Let every soul submit itself unto the higher powers; for there is no power but of God, and the powers that be are ordained of God. ” Why does the apostle say: every soul, instead of every man, or rather every believer? Is he alluding to the fact that submission ought to proceed from the inmost sanctuary of the human being (the conscience, Romans 13:5)? The word every does not correspond well with this explanation; it leads rather to the thought that the apostle means to express that a duty is involved which is naturally incumbent on every human being. This is not an obligation on the believer arising from his spiritual life, like the precepts of chap. 12; it is an obligation of the psychical life which is the common domain of mankind. Every free and reasonable being should recognize its suitableness.

The present imperative, ὑποτασσέσθω, let it submit itself, indicates a reflex action, exercised by the man on himself, and that permanently. This expression is, indeed, the counterpart of the term σωφρονεῖν, to control oneself, in chap. 12

The term higher powers does not denote merely the highest class of authorities in the state. It is all those powers in general and of all degrees; they are thus designated as being raised above the simple citizen; comp. Romans 13:7.

The second part of this verse justifies the duty of submission, and that for two reasons: the first is the divine origin of the state as an institution; the second, the will of God which controls the raising of individuals to office at any given time. The first proposition has the character of a general principle. This appears (1) from the singular ἐξουσία, power; comp. the same word in the plural before and after, in the same verse, which proves that Paul means to speak of power in itself, and not of its historical and particular realizations; (2) from the negative form of the proposition: “there is not but of”...; this form corresponds also to the enunciation of an abstract principle; (3) from the choice of the preposition ἀπό, of, or on the part of, which indicates the origin and essence of the fact. It is true the Alexs. and Byzs. read ὑπό, by, in this proposition as well as in the following. But this is one of the cases in which the Greco-Latin text has certainly preserved the true reading. It is clear, whatever Tischendorf may think, that the copyists have changed the first preposition according to that of the following clause. Meyer himself acknowledges this. We shall see that as thoroughly as ἀπό corresponds to the idea of the first proposition, so thoroughly does ὑπό apply to that of the second. Paul means, therefore, first, that the institution of the state is according to the plan of God who created man as a social being; so that we are called to recognize in the existence of a power (authority) the realization of a divine thought. In the second proposition he goes further (δέ, and, moreover). He declares that at each time the very persons who are established in office occupy this exalted position only in virtue of a divine dispensation. This gradation from the first idea to the second appears (1) from the particle δέ; (2) from the participle οὖσαι, those who are, that is to say, who are there; this term added here would be superfluous if it did not denote the historical fact in opposition to the idea; (3) from the return to the plural (the powers), which proves that Paul means again to designate here, as in the first part of the verse, the manifold realizations of social power; (4) from the affirmative form of the proposition, which applies to the real fact; (5) from the preposition ὑπό, by, which more naturally describes the historical fact than would be done by the preposition ἀπό, on the part of.

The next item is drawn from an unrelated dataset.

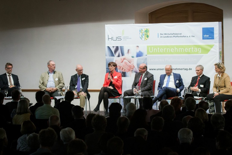 Bei der anschließenden Podiumsdiskussion standen die beiden Hauptreferenten der Moderatorin Elke Christian, Leiterin der IHK-Geschäftsstelle Ingolstadt, Rede und Antwort. Ergänzt wurde die Runde durch Landrat Martin Wolf (CSU), Wirtschaftsbeiratschef Bernd Huber, IHK-Nachfolgeberater Markus Neuner sowie drei betroffene Gewerbetreibende.

The word ἐξουσίαι in the T. R. is probably only a copyist's addition.

But for the very reason of this precept it is asked: If it is not merely the state in itself which is a thought of God, but if the very individuals who possess the power at a given time are set up by His will, what are we to do in a period of revolution, when a new power is violently substituted for another? This question, which the apostle does not raise, may, according to the principles he lays down, be resolved thus: The Christian will submit to the new power as soon as the resistance of the old shall have ceased. In the actual state of matters he will recognize the manifestation of God's will, and will take no part whatever in any reactionary plot. But should the Christian support the power of the state even in its unjust measures? No, there is nothing to show that the submission required by Paul includes active co-operation; it may even show itself in the form of passive resistance, and it does not at all exclude protestation in word and even resistance in deed, provided that to this latter there be joined the calm acceptance of the punishment inflicted; comp. the conduct of the apostles and Peter's answer, Acts 5:29; Acts 5:40-42. This submissive but at the same time firm conduct is also a homage to the inviolability of authority; and experience proves that it is in this way all tyrannies have been morally broken, and all true progress in the history of humanity effected.